Generate seq number in transformer only when the key changes

Post questions here relative to DataStage Enterprise/PX Edition for such areas as Parallel job design, Parallel datasets, BuildOps, Wrappers, etc.

Moderators: chulett, rschirm, roy

Post Reply
Nsg
Premium Member
Premium Member
Posts: 37
Joined: Thu Jan 26, 2006 1:21 pm

Generate seq number in transformer only when the key changes

Post by Nsg »

Hello everyone,

Please help me achieve in datastage a looping logic to increment a counter when the values in the loop changes.
This can be very easily done in PL Sql or cobol but I need to do in datastage and donot know if datastage has good looping capabilities.

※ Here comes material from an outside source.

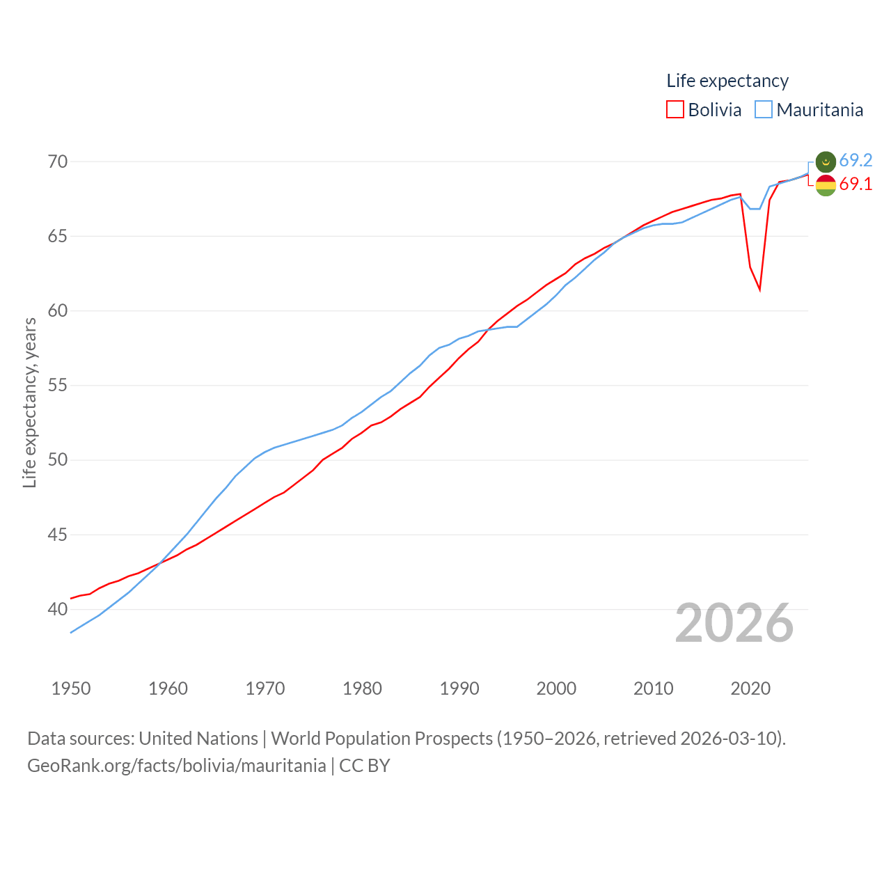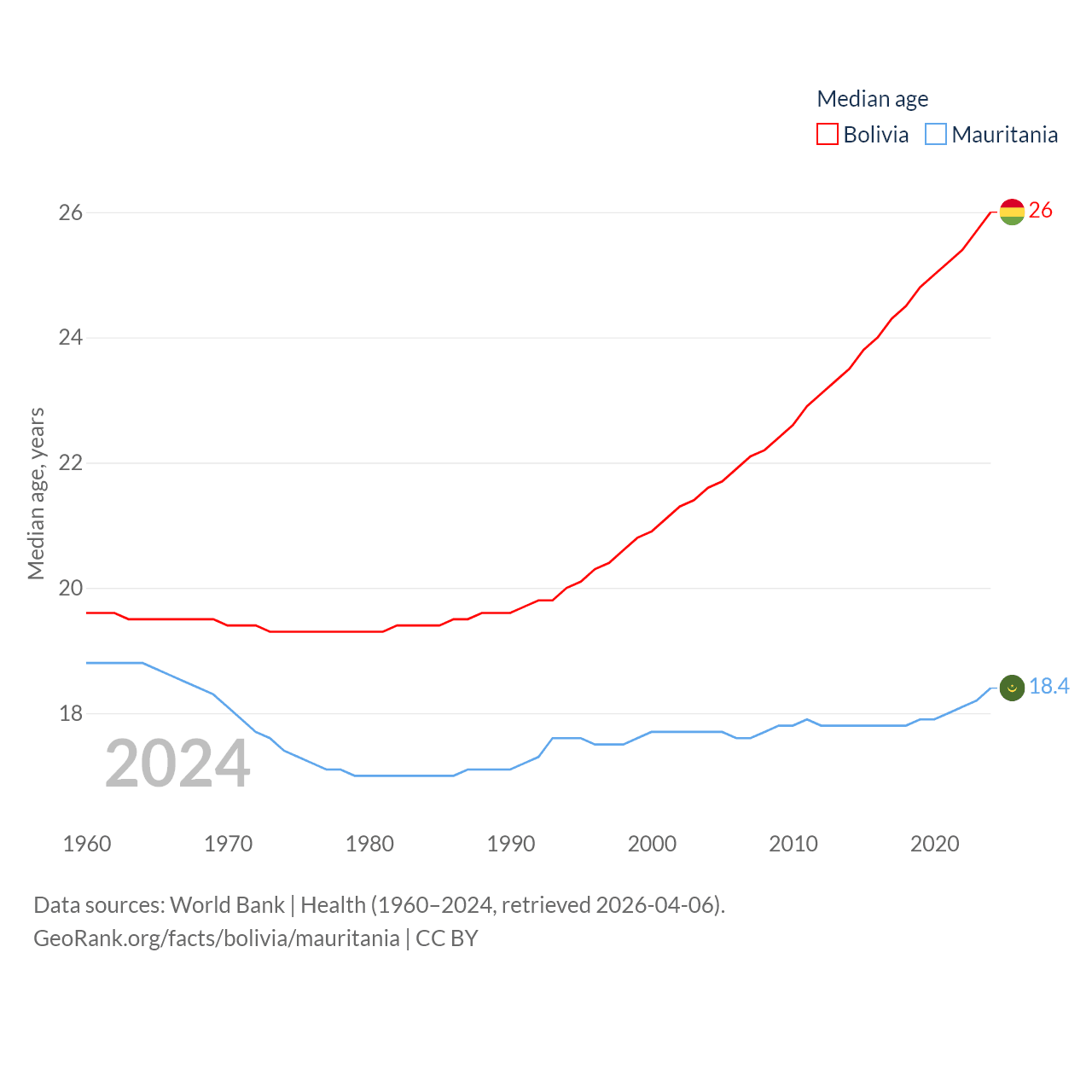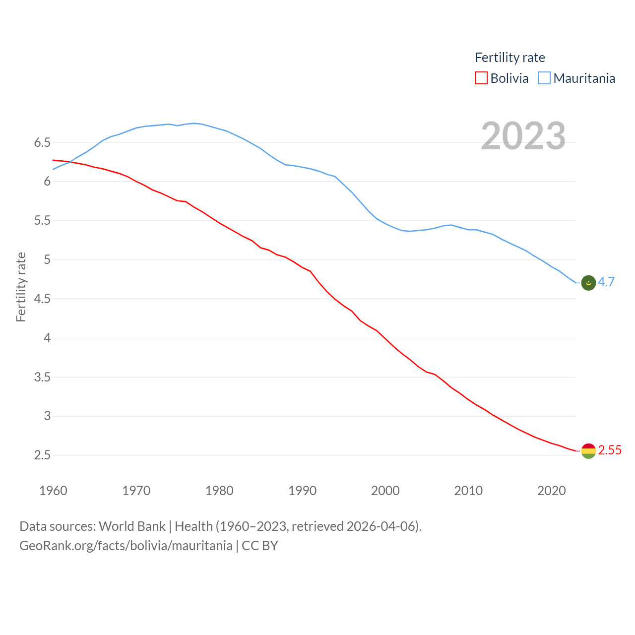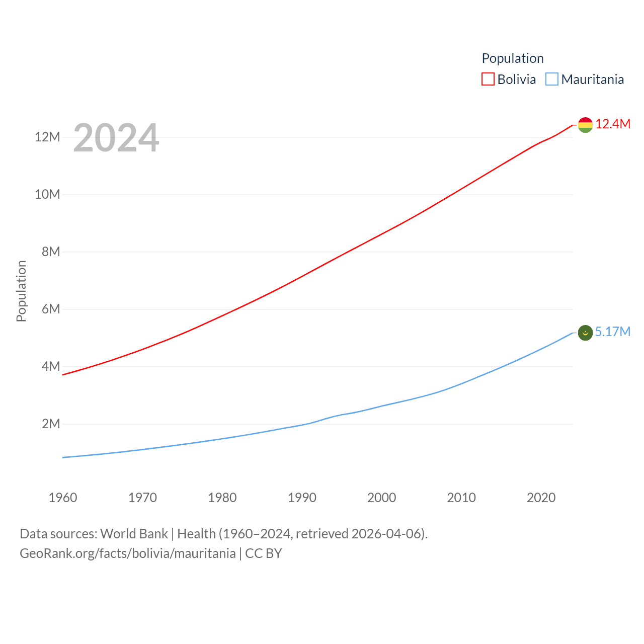 Bolivia has a population of 12.4M (ranked 79/197), compared with 5.17M in Mauritania (ranked 125/197). Bolivia's land area is 418,264 sq mi versus 397,955 sq mi for Mauritania (ranked 27th vs. 28th).

Here is an exaple of my input -

key1 Key2 Value
001 001 A
001 001 B
001 002 A
001 002 B
001 002 A

expected output -

key1 Key2 Value Generated_Key
001 001 A Key1 (as key1+Key2 has a new value)
001 001 B Key1 (as key1+Key2 doesnot have a new value)
001 002 A Key2 (as key1+Key2 has a new value)
001 002 B Key2 (as key1+Key2 doesnot have a new value)
001 002 A Key2 (as key1+Key2 doesnot have a new value)

Thanks,
nsg

s
prasson_ibm
Premium Member
Premium Member
Posts: 536
Joined: Thu Oct 11, 2007 1:48 am
Location: Bangalore

Post by prasson_ibm »

Hi,
You need to first sort based on key1 and create key change column say "keychane1" then again sort on key2 and create key change column say "changekey2",then apply below logic in transformer stage variable stage:-

Counter= if((keychange1=1 and keychange2=1) or (keychange1=0 and keychange2=1)) then counter+1 else counter
priyadarshikunal
Premium Member
Premium Member
Posts: 1735
Joined: Thu Mar 01, 2007 5:44 am
Location: Troy, MI

Post by priyadarshikunal »

or simply sort on both keys and apply the logic using stage variables. Make sure your data is correctly partitioned and sorted.
Priyadarshi Kunal

Genius may have its limitations, but stupidity is not thus handicapped. :wink:
chulett
Charter Member
Charter Member
Posts: 43085
Joined: Tue Nov 12, 2002 4:34 pm
Location: Denver, CO

Post by chulett »

You should be able to create the key change column over both keys at once since the number should be incremented if either of them change. The counter derivation becomes simpler then:

Code: Select all

Counter: If KeyChange then Counter+1 else Counter
'KeyChange' is the name of the key change column generated by the Sort stage and can be treated as a Boolean. Make sure your initial value of the Counter stage variable is set to zero.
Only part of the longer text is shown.